Pagai is a SQL database inspection tool implemented in Python. In particular, it is used to find joins between tables, determine column types (first name, medical code, etc) rank columns in certain contexts.
This projet is tightly linked to Pyrog, which serves as its web client.
A staging version of Pagai is available through its web client here: https://pyrog.staging.arkhn.org
- Set up and start your virtualenv
- Launch the server:
FLASK_RUN_PORT=4000 FLASK_APP=pagai/app flask run
- Visit
http://localhost:4000/init/<database_name>
to start database analysis
The pagai combines two advanced tools:
The column classifier is a generic machine learning model which is used to determine the information contained in a column, that we call the functional type. Example of types are firstname
, name
, address
, city
, id
, date
, and code
(like M/F genders). Our approach is to build sufficiently robust models that consider all this types as distinct but equivalent classes: this means that we won't provide a regex to extract a date for instance. Moreover, we focus on the column scale and not on the single item scale. This helps us to make the most of column data distributions and statistical signature of different types.
The strength of the classifier is that it can run different ML models under the hood. The current model is a RandomClassifier based on enhanced ngrams, but we're building a RNN-based model as well.
The dependency graph builder finds links between tables within a database, based on potential joins that could occur. This tool helps understanding which tables are linked with each other, like for example a table with patients and another with patient contact persons in case of emergency.
Merging this two tools is the real strength of the pagai project. Indeed it is possible to query the database with the engine to retrieve interesting columns. The search is based on a score allocated to each column, which depends on the relevance of the functional type and the distance in the dependency graph to the table we're considering (like patient
for example). In addition, we have also added a fuzzy matching algorithm on the table and column name to update the score and return the most relevant columns.

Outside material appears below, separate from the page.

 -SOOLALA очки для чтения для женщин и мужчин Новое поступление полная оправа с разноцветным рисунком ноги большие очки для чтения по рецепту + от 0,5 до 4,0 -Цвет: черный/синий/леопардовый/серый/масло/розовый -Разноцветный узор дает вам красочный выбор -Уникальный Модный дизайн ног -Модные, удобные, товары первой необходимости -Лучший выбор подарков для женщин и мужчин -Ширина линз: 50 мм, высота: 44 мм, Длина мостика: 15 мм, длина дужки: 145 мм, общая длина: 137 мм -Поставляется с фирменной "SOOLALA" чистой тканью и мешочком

With this, we can answer questions like:
-
"Give me the date of birth of patient"
Api call
api/search/date/patient/birth
-
"Give me the relation type between the patient and its contact person (husband, child, etc)"
Api call
api/search/code/patient/relation
NB: We mean the location of the column which has this information
The api syntax is explained in the next section.
To make this tool easy to use for the largest number of people, with have built an api with the following structure:
api/search/<functional_type>/<reference_table>/<keyword_column>
Parameters:
- functional_type:
firstname
,name
,address
,city
,id
,date
,code
and those of your imagination - reference_table: the reference table for the dependency graph (
patient
in the examples above) - keyword_column: keywords to match column or table names with fuzzy matching (ex:
birth
->birthdate
)
As for now, we're training our engine on a simplified version of the MIMIC dataset extended with firstname, name and address data.
Of course, it is possible to train the model and the graph with your own database. In particular, you can provide whatever functional type you want (you could add phone
in the list above for example). We'll provide shortly instructions explaining how to proceed.
Feel free to contact us on Slack in you have trouble with the project.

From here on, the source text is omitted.